Capillary expects the RSA key wrapped in Protobuf objects. So we had to use SwiftProtobuf (Swift version of Googles Protobuf).

-Use SwiftProtobuf to generate Swift file from the capillary_internal.proto.

  1. Using AsymmetricCryptoException to create a secure keypair.

  2. Use exportRSAPublicKeyToDER in CryptoExportImportManager to export RSA key to DER format.

  3. Wrap the result of exportRSAPublicKeyToDER in the structs from capillary_internal.pb.swift (see swift function below).

  4. Provide the capillaryPublicKeyString to your backend that run capillary, it will now be able to encrypt using it.

  5. When you receive the push, handle it using Notification Service Extension (look for tutorials on how to do this. One major thing is that the push message must have mutableContent set to true.)

  6. To decrypt the encrypted string inside Notification Service Extension you need to put the encrypted string in an Capillary_Internal_CapillaryCiphertext object, split out the signature and payload data from that object.ciphertext. Length of the signature is then found in the first 4 bytes of the ciphertext. Then you need to put the payload in Capillary_Internal_HybridRsaCiphertext object, and symmetricKeyCiphertext is now the Data object to use for further decryption.

  7. We used TINK to decrypt the symmetricKeyCiphertext.

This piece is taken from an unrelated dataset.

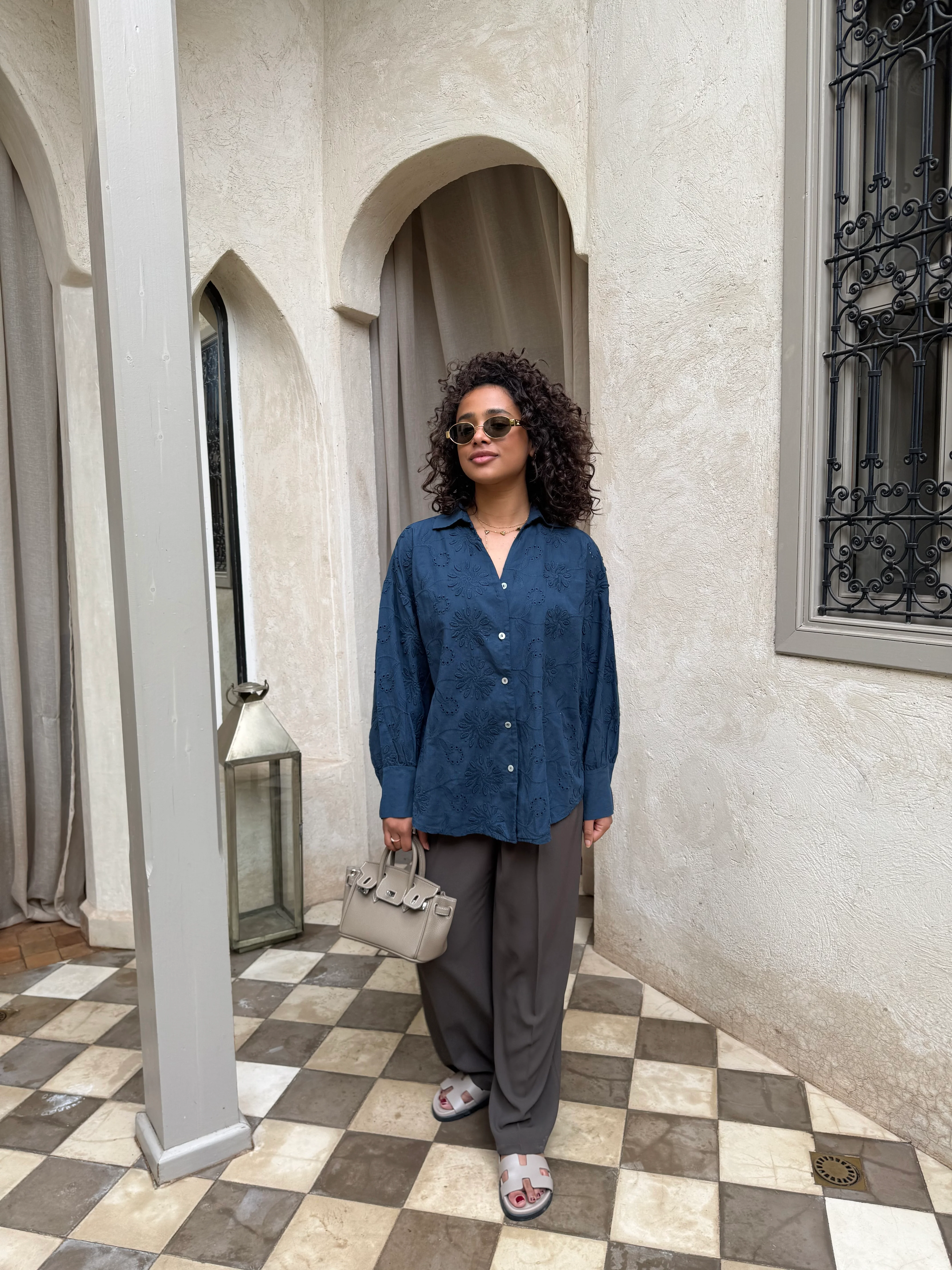 Chemise en taille unique, non doublée. Le mannequin mesure 1m65.

Function to wrap keydata in capillary protobuf structs (step 3):

func capillaryPublicKeyProtobufString(keyData: Data?) -> String? {
		guard let keyData = keyData else {
			return nil
		}

		var capillaryPublicKeyString = ""

		var wrappedRsaEcdsaPublicKey = Capillary_Internal_WrappedRsaEcdsaPublicKey.init()
		wrappedRsaEcdsaPublicKey.keyBytes = keyData
		wrappedRsaEcdsaPublicKey.padding = kPadding

		var capillaryPublicKey = Capillary_Internal_CapillaryPublicKey.init()
		do {
			capillaryPublicKey.keyBytes = try wrappedRsaEcdsaPublicKey.serializedData()
			capillaryPublicKeyString = try capillaryPublicKey.serializedData().base64EncodedString()
		} catch {
			Debugger.print("Failed to generate capillaryPublic Key: \(error.localizedDescription)")
		}

		return capillaryPublicKeyString
	}

I know this might be confusing, and there is alot of steps. But we made it work this way, so its possible, and this might help you figure things out.